AMTRA issues further Covid-19 advice for RAMAs/SQPs

With pet stores on the list of retail stores that are permitted by government to stay open, AMTRA has highlighted that for business that are staying open, they should do so in such a way as to protect the health of employees and customers, implementing the social distancing advice of government.

Stephen Dawson, AMTRA’s secretary general, said “It would be sensible, and recommended by AMTRA, for such opening to be limited to urgent supplies of key necessities (such as medicines, food, bedding), not for everything normally supplied.

“People involved in the supply of veterinary medicines or animal food (e.g. RAMAs/SQPs) are included in the definition of “key workers”. But that phrase was particularly used in the context of allowing children of such workers to continue to be at schools: the separate government advice about which stores can stay open says nothing about key workers.

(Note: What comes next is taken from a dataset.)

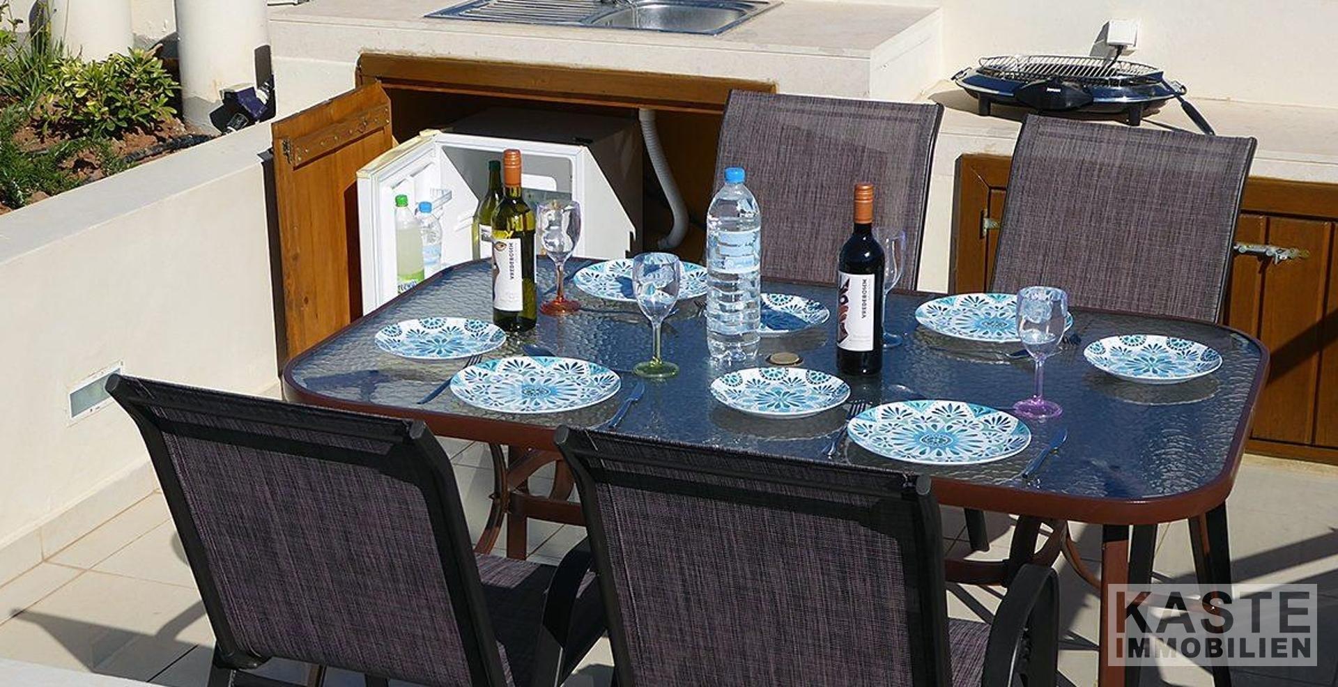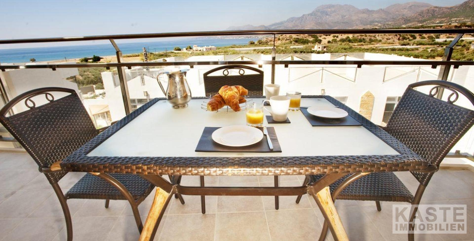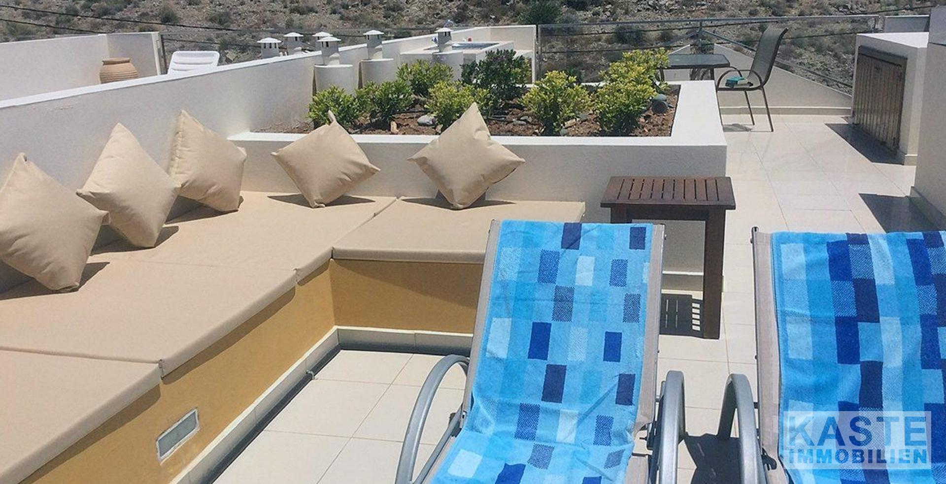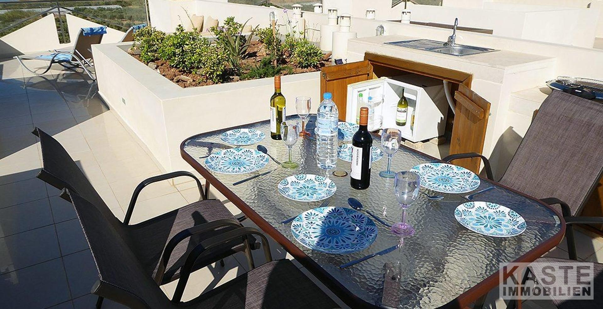 Eine Treppe direkt vor der Eingangstür des Penthouses führt zu einer atemberaubenden privaten Dachterrasse. Diese bietet zahlreiche Sitzgelegenheiten, Sonnenliegen, eine voll ausgestattete Außenküche, einen Grillbereich und hochwertige Essmöbel. Diese einzigartige Terrasse wird somit zum idealen Ort, um die fantastische Aussicht zu genießen oder den kretischen Sonnenaufgang und -untergang zu erleben.

“This leaves agricultural and equine businesses in an ambiguous situation – we are seeking more clarity which we hope will come soon.”

Working within the rules
Mr Dawson continued: “Supply by mail order (telephone order or internet), meeting the normal requirements for RAMA/SQP involvement and record keeping, is fine, and helps meet immediate needs, but it’s not clear it is viable for the full range of products that support animal health and welfare across the country.

“For the moment, some businesses are choosing to pick goods after a telephone conversation with the RAMA/SQP and leave them somewhere appropriate (e.g. outside the store door, in the yard) for customers to pick up.”

Remote prescribing
If the only available RAMA/SQP is self-isolating, that creates another issue in the current rules, since the RAMA/SQP is currently required to supervise the allocation of stock to customer.

Mr Dawson said: “We are expecting proposals from the VMD to allow RAMAs/SQPs to prescribe and authorise supply remotely, but await clarification on this.

“Until and unless VMD changes those rules, the SQP is still responsible for the prescription and supply and therefore must:

  • be the person that has the conversation/consultation with the animal owner;
  • be the person that makes the prescribing decision;
  • be satisfied that the person handing over or dispatching the prescribed product is competent to do so.”

Mr Dawson added: “As we move forwards there may well have to be a broader view on prescribing, to ensure essential products are being supplied in order to protect animal health and welfare, but for the meantime, we ask that all SQPs/RAMAs adhere to advice as provided by employers, and we are working closely with AHDA to provide clarity as soon as possible.”